Is art necessarily beautiful or perfect? While a lot of people believe that art is a celebration of beauty, I disagree. Art is an imitation of life and life is neither beautiful nor perfect, it just is. What makes Art so unique is that it is innately flawed. Art is flawed because it imitates life which is full of flaws and also because the eyes that perceive it retain their own version of reality (which to some degree is less than reality).

The reason why Art is unique, interesting and timeless is not because it is a perfect imitation of life but because it is an egocentric perception of life by the author and in that it is both unique and flawed.

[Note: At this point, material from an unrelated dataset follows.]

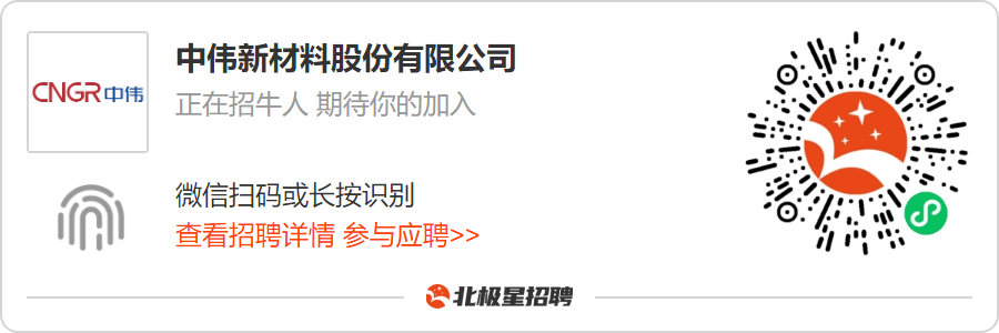 大家好,我是锂电小达人。 每天分享全国地区新能源企业招聘信息以及行业信息。 欢迎大家讨论、交流、收藏、点赞,感谢! 今天给大家分享的是中伟新材料股份有限公司招聘信息。 中伟新材料股份有限公司(中伟股份300919.SZ)成立于2014年9月,为湖南中伟控股集团有限公司旗下控股子公司、上市主体,是专业的新能源材料综合服务商,属于国家战略性新兴产业中的新材料、新能源领域。公司被认定为国家企业技术中心、博士后科研工作站、国家高新技术企业、国家技术创新示范企业,获得“国家智能制造工厂”、“绿色制造工厂”、“绿色设计示范企业”等称号。 中伟股份已与国内外数十家知名企业达成战略合作,公司自主开发的高电压四氧化三钴、高镍NCM、NCA等新能源材料跻身中国、欧美、日韩地区世界500强企业高端供应链,被广泛应用于3C、动力及储能领域。公司核心产品三元前驱体、四氧化三钴连续多年出货量稳居全球第一。 带薪年假通讯津贴定期体检免费班车尊重人才股票期权发展空间大五险一金公司规模大管理规范

For how else how can commonplace topics such as love, jealousy, marriage, fear, pain still be the centrifugal themes of literature, despite having been talked about for centuries? The reason being, that every single author took the same theme but presented it in a different color, angle, context and light thus offering it unique and still relevant.

Writing is less about how it makes “you” the reader feel and more about how it makes “me” the writer feel. Just as creating Art is a personal experience, so also is enjoying Art a very personal experience. Which is why, different people analyse the same piece of literature differently. It does not matter what the true intent of the writer was. As long as Art causes one to think and question why things are the way they are, and what if they were different?

To me, there isn’t a single photograph or piece of work that is not artistic. If it was created by a human then the element of “perception” and “flaw” should automatically make it artistic to some degree.

What then makes certain pieces of artwork so different from the rest? Masterpieces such as Dostoyevsky’s Crime and Punishment are definitely beautiful and profound in any language. I read the English version of the book (originally written in Russian) and cried at every single page, and still wondered how much was lost in the translation alone. Classic works of Fiction such as Emily Bronte’s, “Wuthering Heights” is as romantic today as it was when first published in 1847.  Or the unforgettable childhood that Maggie and Tom Tulliver share in “Mill in the Floss” by George Eliot is still the best testament to childhood and sibling love and rivalry today, as it was in 1860. These are just a few of the many examples to prove that while times will change, human emotions such as fear, pain, love and jealousy are and will always remain relevant as will the writer’s perceptions.

To me a well written piece of prose or poetry is like a necklace; pearl like words strung together by the central theme joined by a clasp where the beginning meets the end. Although a good piece of prose or poetry is meant to provoke deep emotions, questions, or tug at the core of one’s being, above all it is meant to simply allow the egocentric writer a channel to express. As for me just the sheer joy of seeing the little “call-out” button turn orange is incentive enough to burn the midnight oil.

Happy One month Birthday, U be Cute!